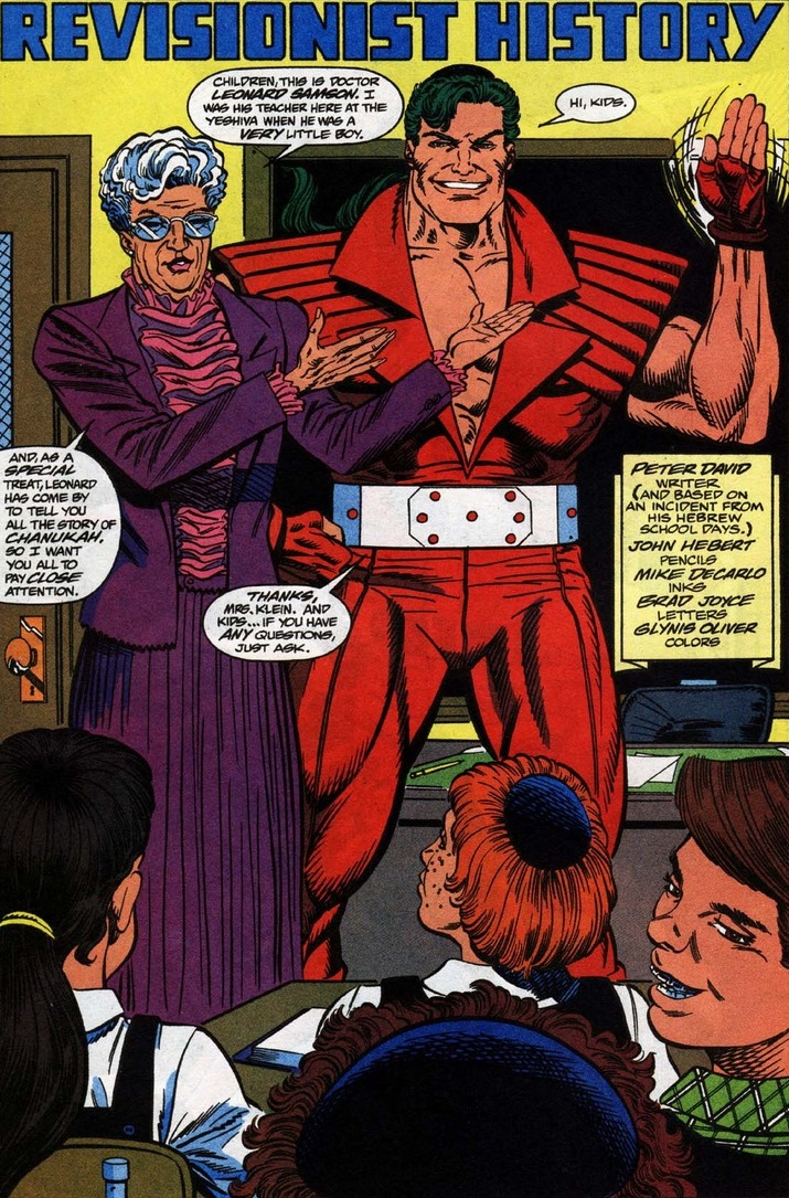When David wants to write a Hanukkah story for Marvel in Marvel Holiday Special 1992, why not use Samson?  I mean, he did write Incredible Hulk for twelve years.  And like most progressive Jews, David used a loose interpretation of the story.
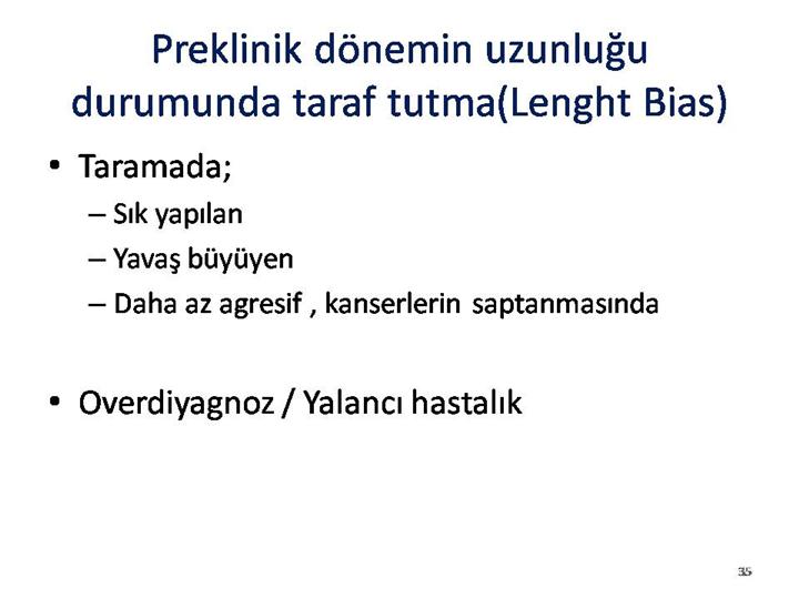 Many of these tumors fulfill the histologic criteria of cancer but will never become clinically significant or cause death. This problem is compounded by the fact that the most common cancers appear most frequently at ages when competing causes of death are more frequent. Hızlı büyüyen tümörler, hızla bir preklinil evreden geçeceklerinden taramalarda daha az rastlanabileceklerdir. Bu nedenle, sık yapılmayan taramalarda iyi gidişli bir çok yavaş büyüme gösteren tespit edilecektir. Bunun bir sonraki aşaması yalancı hastalık Length bias: Mammography detects a cancer while it is preclinical, and preclinical durations vary. Cancers with longer preclinical durations are more likely to be detected by screening; these cancers tend to be slow growing and to have good prognoses, irrespective of screening.
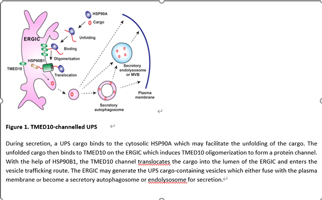 Researchers from the GE lab in the School of Life Sciences at Tsinghua University found a protein translocation pathway regulating UPS cargo entry into the vesicle carrier. A transmembrane protein TMED10 was identified as a regulatory factor for the secretion of multiple cargoes, including the mature form of interleukin 1(IL1) family members and a set of other UPS cargoes (HSPB5, Galectin-1/3 and Annexin A1). TMED10 directly facilitates the translocation of leaderless cargos into the ER-Golgi intermediate compartment (ERGIC) via its C-terminal tail binding to a certain motif, likely to be a UPS signal peptide, in the cargoes, the process of which is dependent upon protein unfolding and enhanced by chaperones HSP90A/HSP90AB1 and HSP90B1/GRP94. Furthermore, the cargo triggers oligomerization of TMED10, which is likely to then form a protein channel on the membrane to translocate the UPS cargoes into the vesicle (Figure 1). The pathway identified was termed TMED10-channelled UPS (THU). It is likely that THU acts together with the well-known SRP-SEC61 pathway to govern two types of protein secretion e.g. unconventional and conventional secretion respectively.
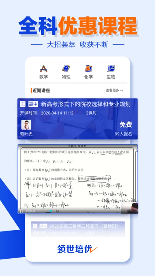 领世直播课课程涵盖了高中数学、物理、化学、语文、历史、生物、政治等多个学科的课程,更有自主招生、学科竞赛、高考志愿填报等专家解读和热点资讯。
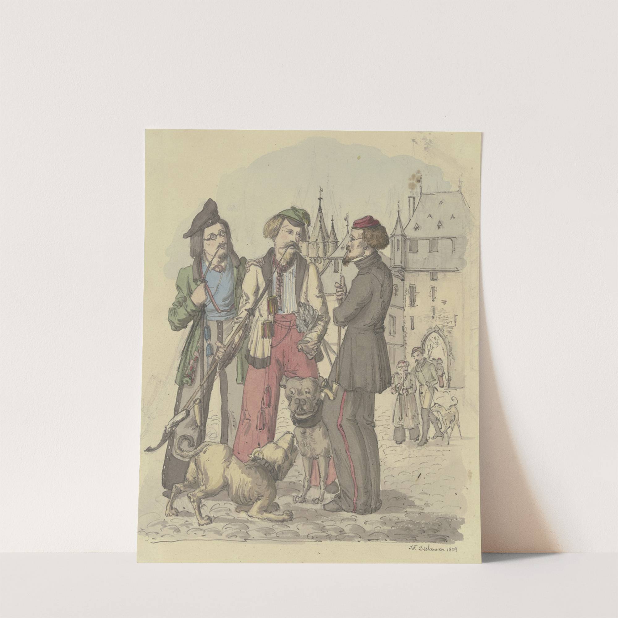 Drei rauchende Studenten mit zwei Hunden by Jakob Fürchtegott Dielmann - Wall Art Print
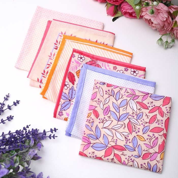 Платок носовой женский 28х28см, 6шт, рис 21283-3, МИКС, ситец 100г/м, хл100%
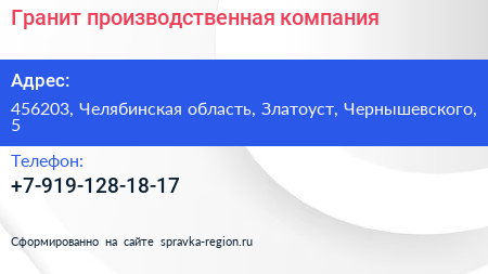 Гранит, производственная компания по адресу 456203, Челябинская область, Златоуст, Чернышевского, 5 в дальнейшем Организация, размещена в следующих категориях:
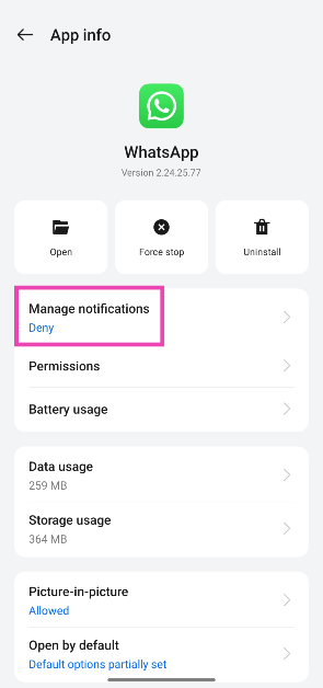 前往设置>应用程序>WhatsApp>管理通知然后打开“允许通知”旁边的切换开关。
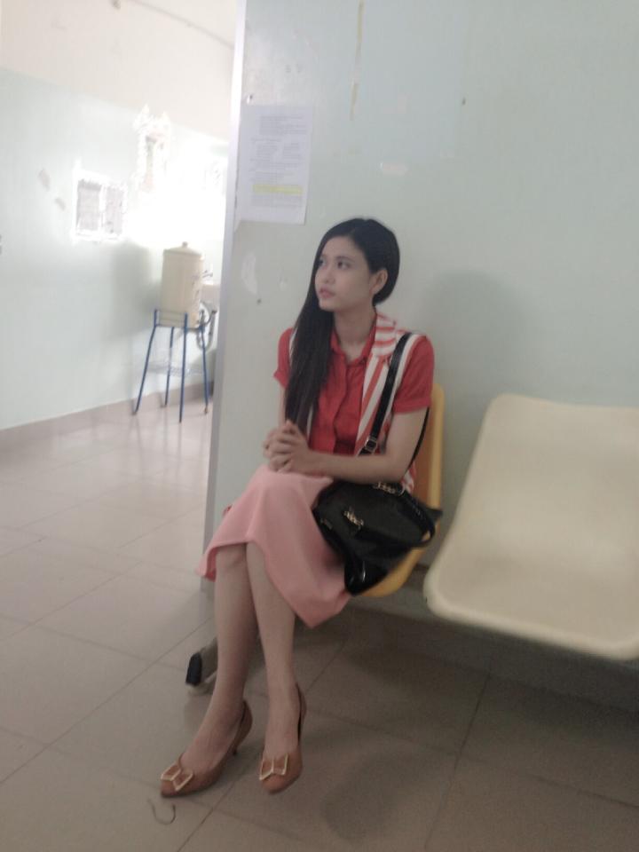 Trương Quỳnh Anh với khuôn mặt buồn, ngồi ghế chờ với
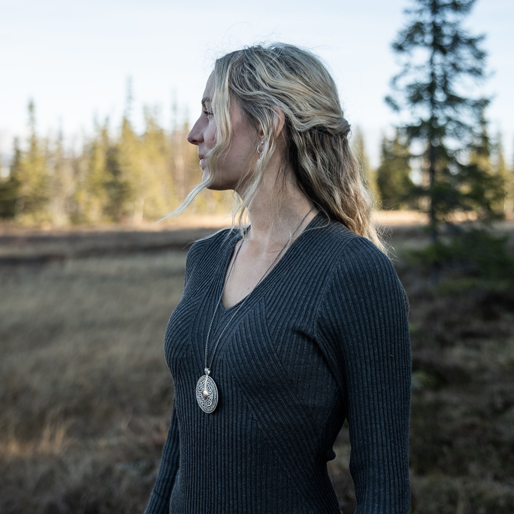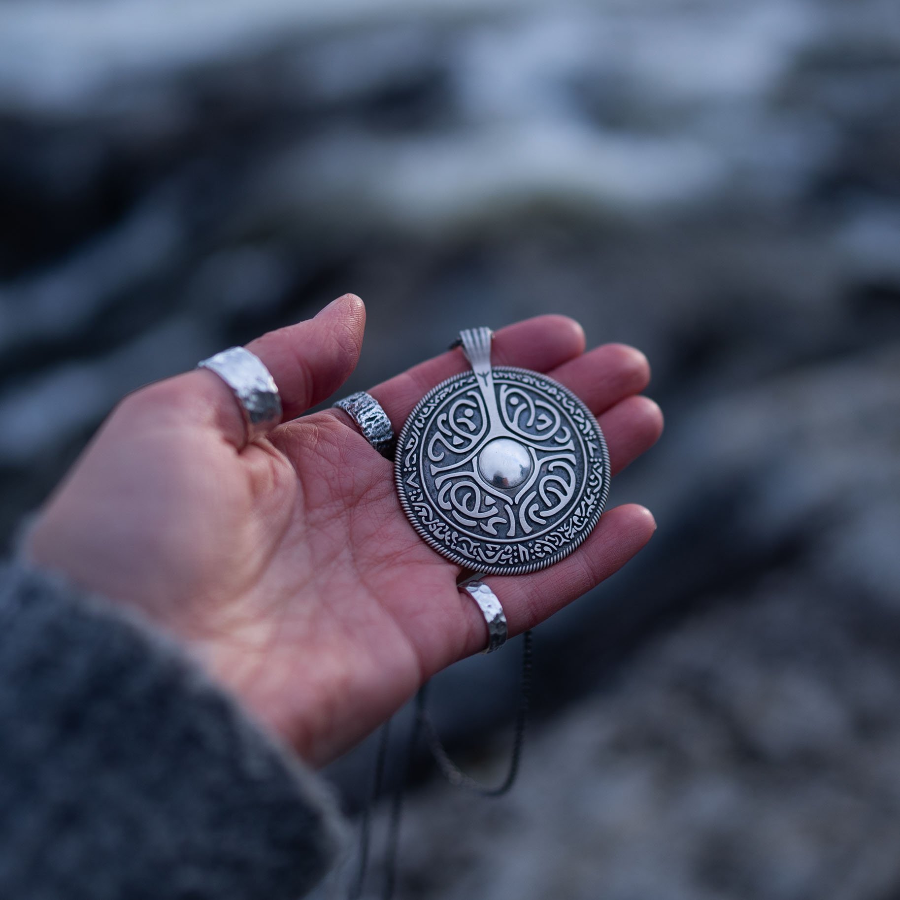 a Nordic silver shield, shaped as a heart-armour of protection and presence.
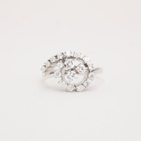 Cluster ring i 14K hvidguld med diamanter (0,52 ct), Str.
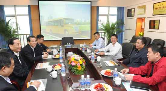 恒通客車相關(guān)領(lǐng)導(dǎo)向來賓們介紹企業(yè)基本情況及加強(qiáng)型安全校車
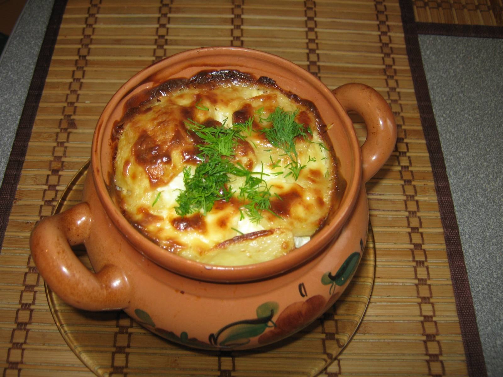Картошка с курицей и грибами в горшочках
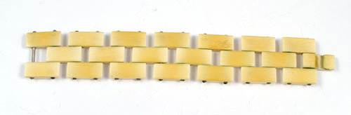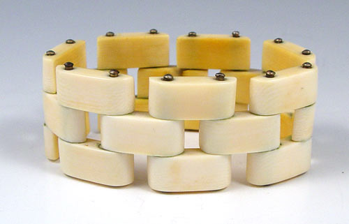 VINTAGE 1940'2 IVORY BRACELET: Wide bracelet of 21 hinged links, with one as the hidden closure. 7 1/2'' long, 1 1/8'' wide.
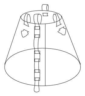 Вырезается усеченный конус нужной ширины и диаметра с 4-5 радиальными прорезями для крепления. Срезы должны быть гладкими. Там, где шея, крепится марля или другой материал, шнуровка. При желании сделать конус более красивым, его обшивают тканью. Своему коту после кастрации можно сделать картонный вариант воротника. Он прост, прослужит недолго, зато дешев, не шокирует животное.

+-------+

TRY IT: In the listing above, find the line with "a Nordic silver" and the line with "VINTAGE 1940'2 IVORY". Output both, plus every line between them, and no pictures.

SOLUTION TO THIS PROBLEM:
 a Nordic silver shield, shaped as a heart-armour of protection and presence.
 Cluster ring i 14K hvidguld med diamanter (0,52 ct), Str.
 恒通客車相關(guān)領(lǐng)導(dǎo)向來賓們介紹企業(yè)基本情況及加強(qiáng)型安全校車
Картошка с курицей и грибами в горшочках
 VINTAGE 1940'2 IVORY BRACELET: Wide bracelet of 21 hinged links, with one as the hidden closure. 7 1/2'' long, 1 1/8'' wide.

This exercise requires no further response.